- **Record extracts**:
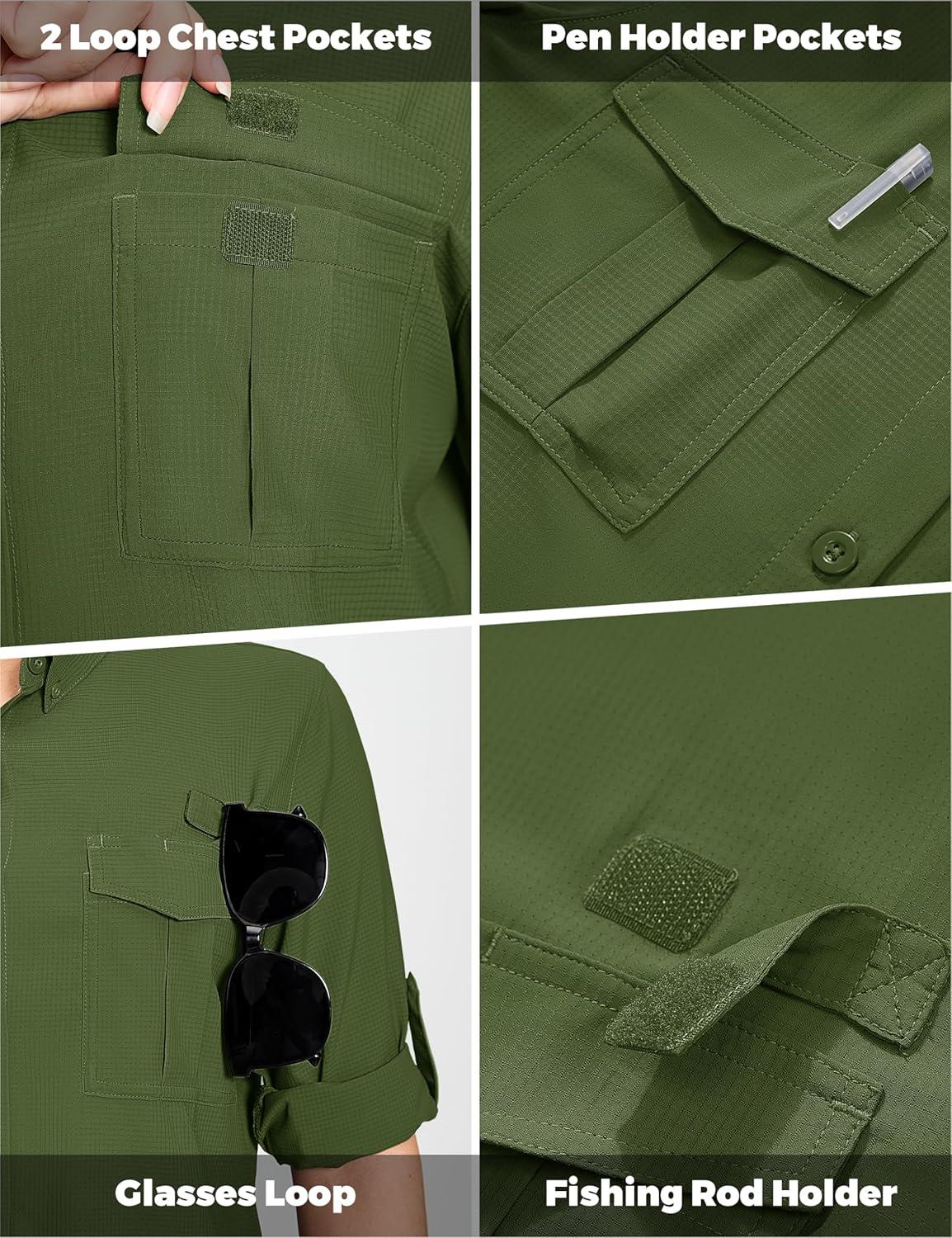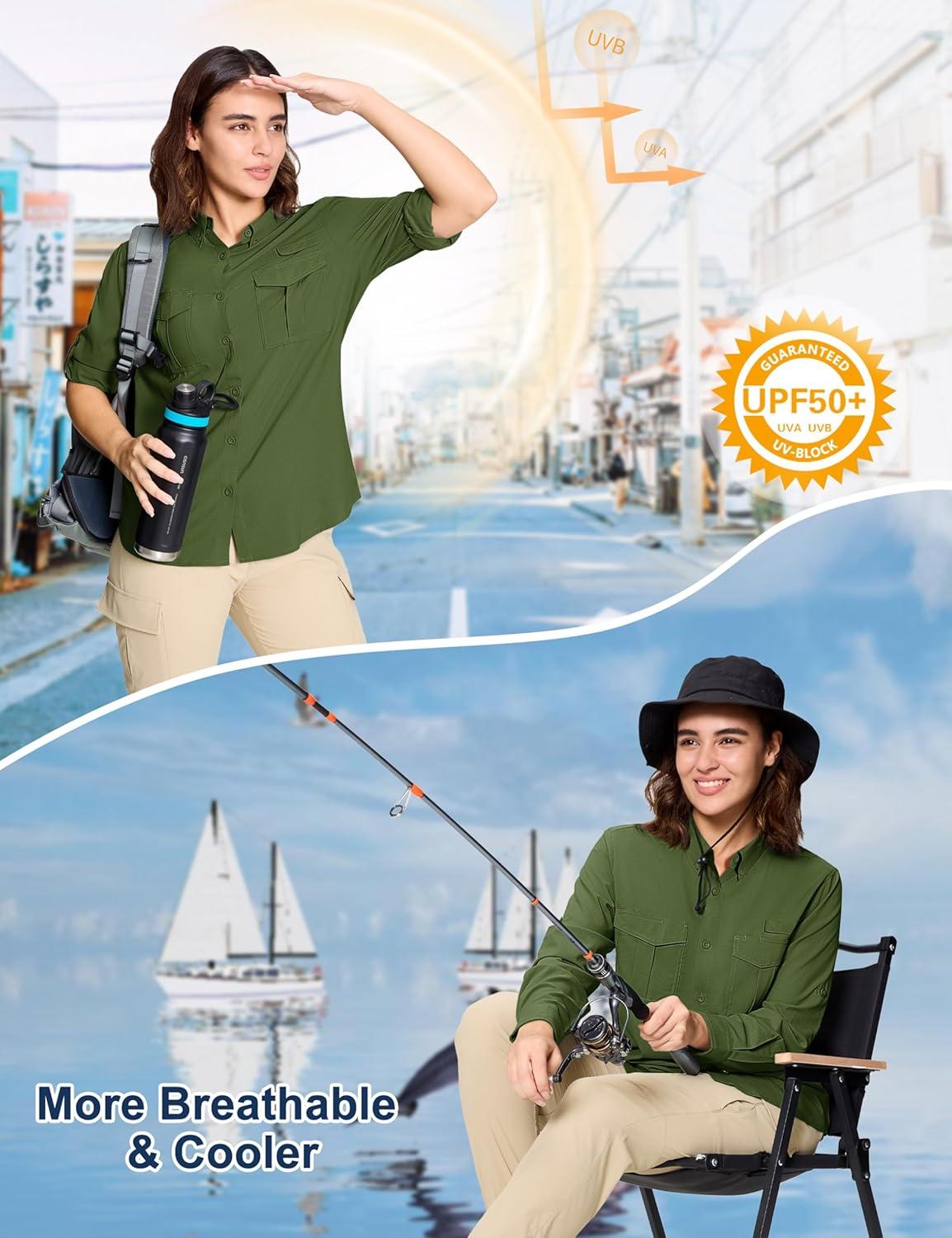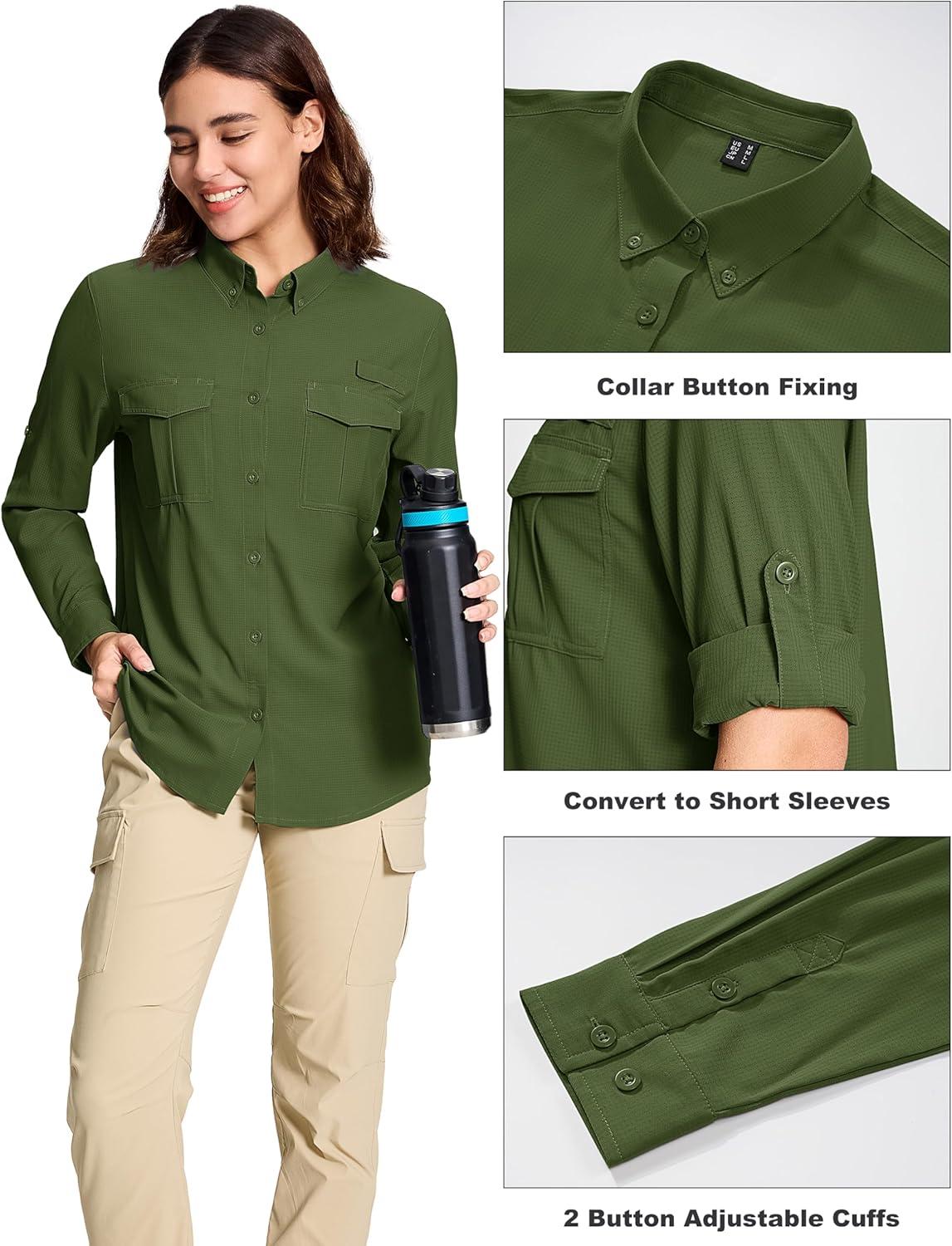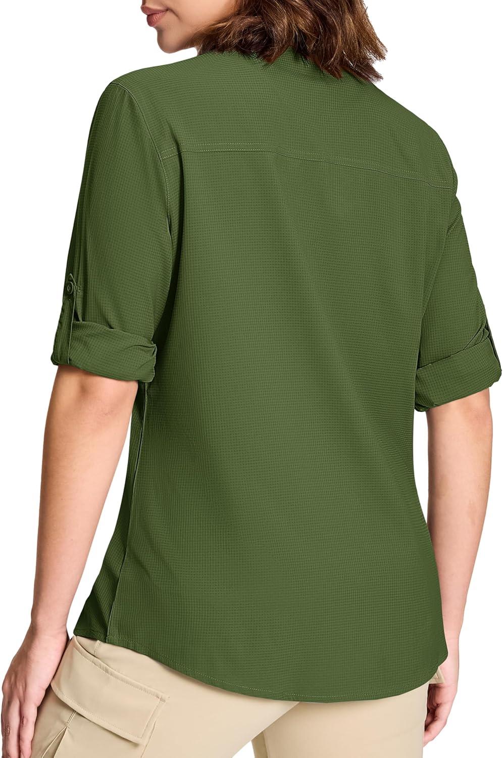 MAGCOMSEN Women’s UPF 50+ Long Sleeve Fishing Shirts UV Sun Protection Quick Dry Button Down Safari Hiking Travel Shirts(Armygreen)
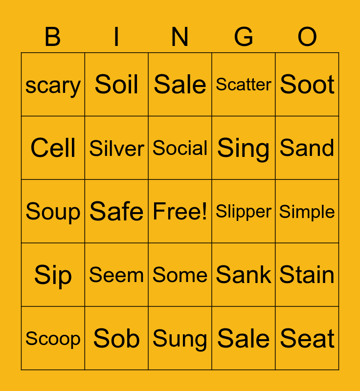 This bingo card has a free space and 24 words: Seem, Sob, Social, Scoop, Soot, scary, Cell, Soil, Slipper, Some, Sing, Soup, Sank, Stain, Silver, Sale, Simple, Sale, Sand, Safe, Seat, Sip, Scatter and Sung.
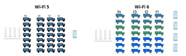 我們可以將路由器向設(shè)備傳輸?shù)膱鼍氨扔鞒梢粋€車隊,在WiF i5標(biāo)準(zhǔn)下,同一時刻出發(fā)車隊只能派送到一個客戶,即使有空車也照常發(fā)車,如果有車出現(xiàn)故障(受干擾),整個車隊都無法發(fā)車。而在WiFi 6標(biāo)準(zhǔn)下,同一時刻出發(fā)的一個車隊,可以將相鄰的最少26輛車組成一個小隊,每個小隊可以派送到不同的客戶,如果有車出現(xiàn)故障(受干擾)只影響所在的小隊。
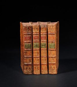 ROUSSEAU Jean-Jacques Emile ou de l'éducation. Chez Jean Néaulme Amsterdam 1765. Complet des 4 volumes in-12, plein veau, dos à 5 nerfs ornés de dorures, pièces de titre sur cuir rouge et vert, trois tranches jaspées, frottements et manques en coiffe des tomes I, III et IV, dos du TI assombri, amorce de fente en charnière du premier plat du TI, intérieur frais.
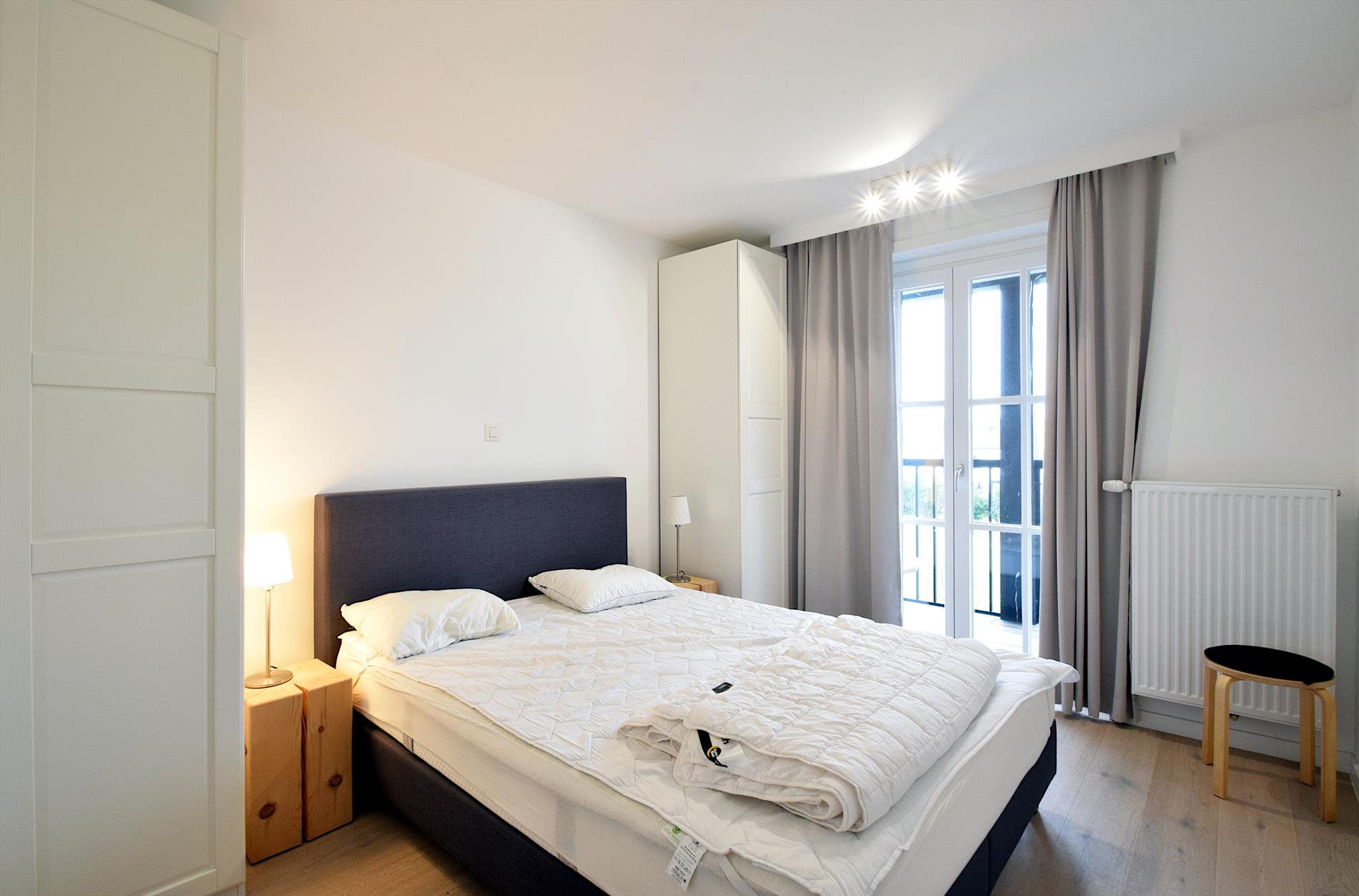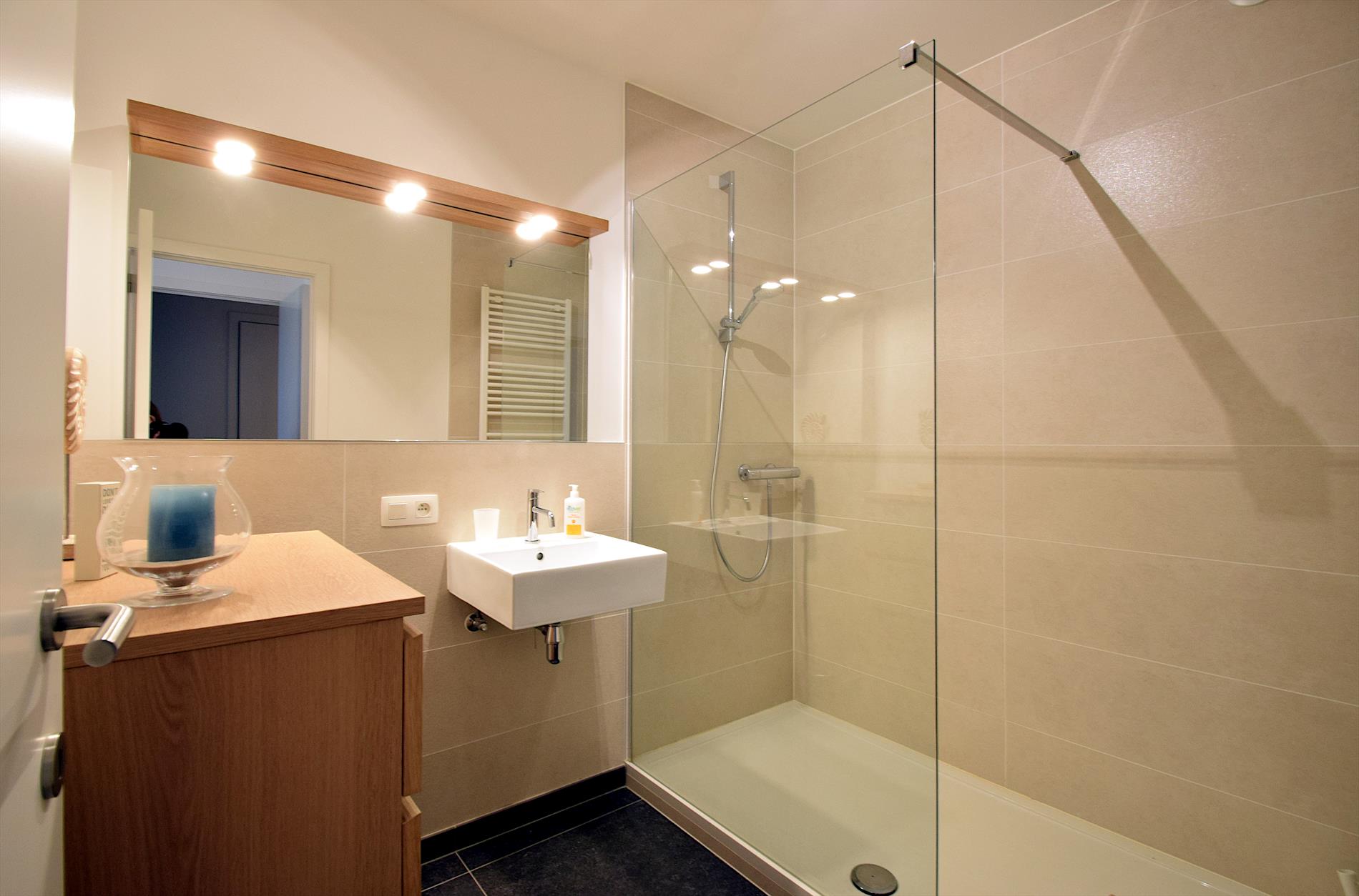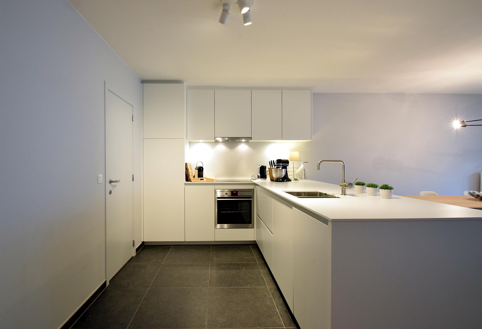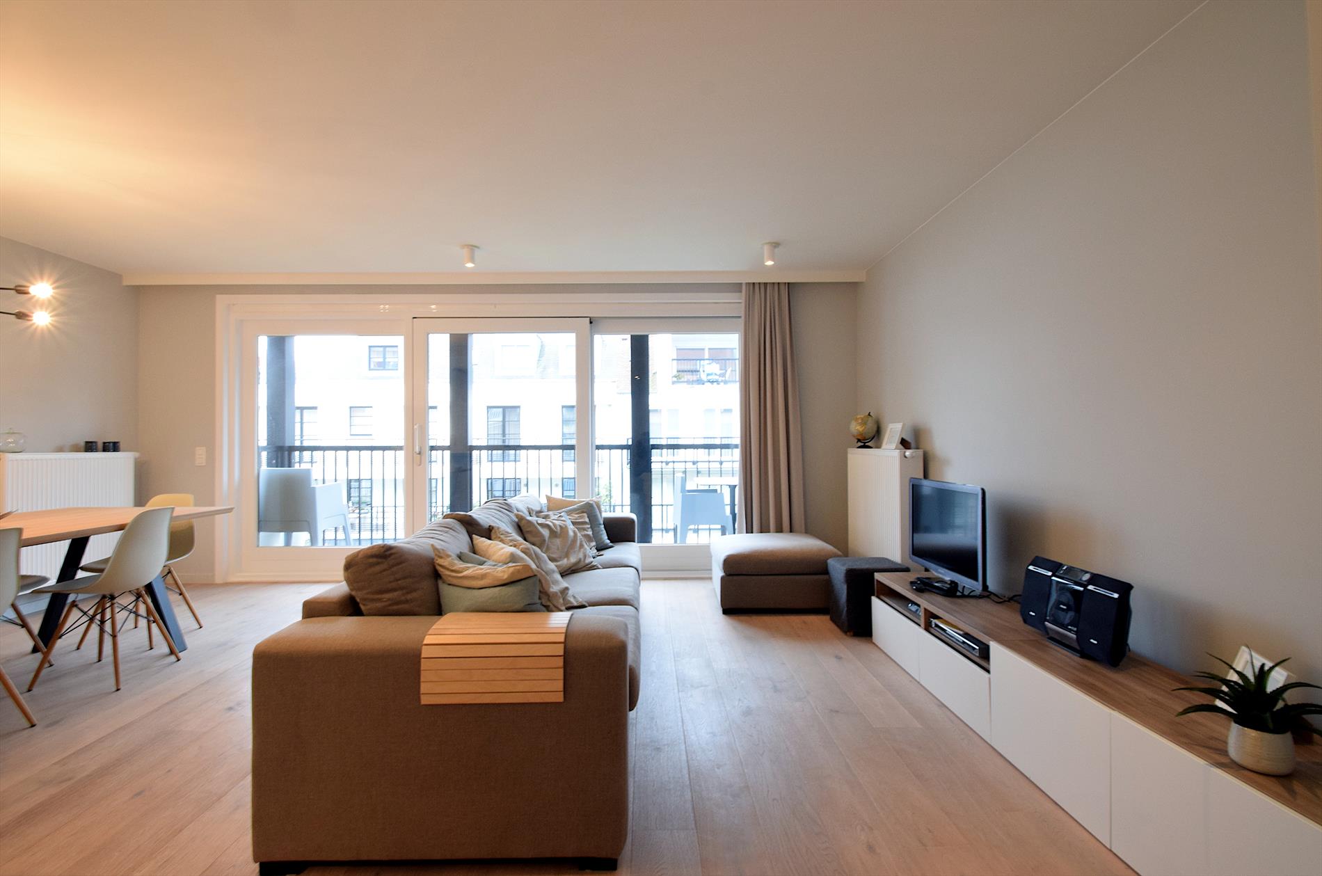 Luxe en modern nieuwbouwappartement met zonnig terras, ideaal gelegen op 250 m van het centrum en op wandelafstand van een prachtig natuurgebied. Slechts 850 m van strand en zee. Twee ruime slaapkamers, twee badkamers, en apart toilet. Voor- en achterterras voor zon en rust de hele dag. Tweede verdieping met lift en privé-garage in ondergrondse parking.

- **Task requirements**:
Pictures are to be omitted; set down the rest of the entries exactly as given.

- **Exercise solution**:
 MAGCOMSEN Women’s UPF 50+ Long Sleeve Fishing Shirts UV Sun Protection Quick Dry Button Down Safari Hiking Travel Shirts(Armygreen)
 This bingo card has a free space and 24 words: Seem, Sob, Social, Scoop, Soot, scary, Cell, Soil, Slipper, Some, Sing, Soup, Sank, Stain, Silver, Sale, Simple, Sale, Sand, Safe, Seat, Sip, Scatter and Sung.
 我們可以將路由器向設(shè)備傳輸?shù)膱鼍氨扔鞒梢粋€車隊,在WiF i5標(biāo)準(zhǔn)下,同一時刻出發(fā)車隊只能派送到一個客戶,即使有空車也照常發(fā)車,如果有車出現(xiàn)故障(受干擾),整個車隊都無法發(fā)車。而在WiFi 6標(biāo)準(zhǔn)下,同一時刻出發(fā)的一個車隊,可以將相鄰的最少26輛車組成一個小隊,每個小隊可以派送到不同的客戶,如果有車出現(xiàn)故障(受干擾)只影響所在的小隊。
 ROUSSEAU Jean-Jacques Emile ou de l'éducation. Chez Jean Néaulme Amsterdam 1765. Complet des 4 volumes in-12, plein veau, dos à 5 nerfs ornés de dorures, pièces de titre sur cuir rouge et vert, trois tranches jaspées, frottements et manques en coiffe des tomes I, III et IV, dos du TI assombri, amorce de fente en charnière du premier plat du TI, intérieur frais.
 Luxe en modern nieuwbouwappartement met zonnig terras, ideaal gelegen op 250 m van het centrum en op wandelafstand van een prachtig natuurgebied. Slechts 850 m van strand en zee. Twee ruime slaapkamers, twee badkamers, en apart toilet. Voor- en achterterras voor zon en rust de hele dag. Tweede verdieping met lift en privé-garage in ondergrondse parking.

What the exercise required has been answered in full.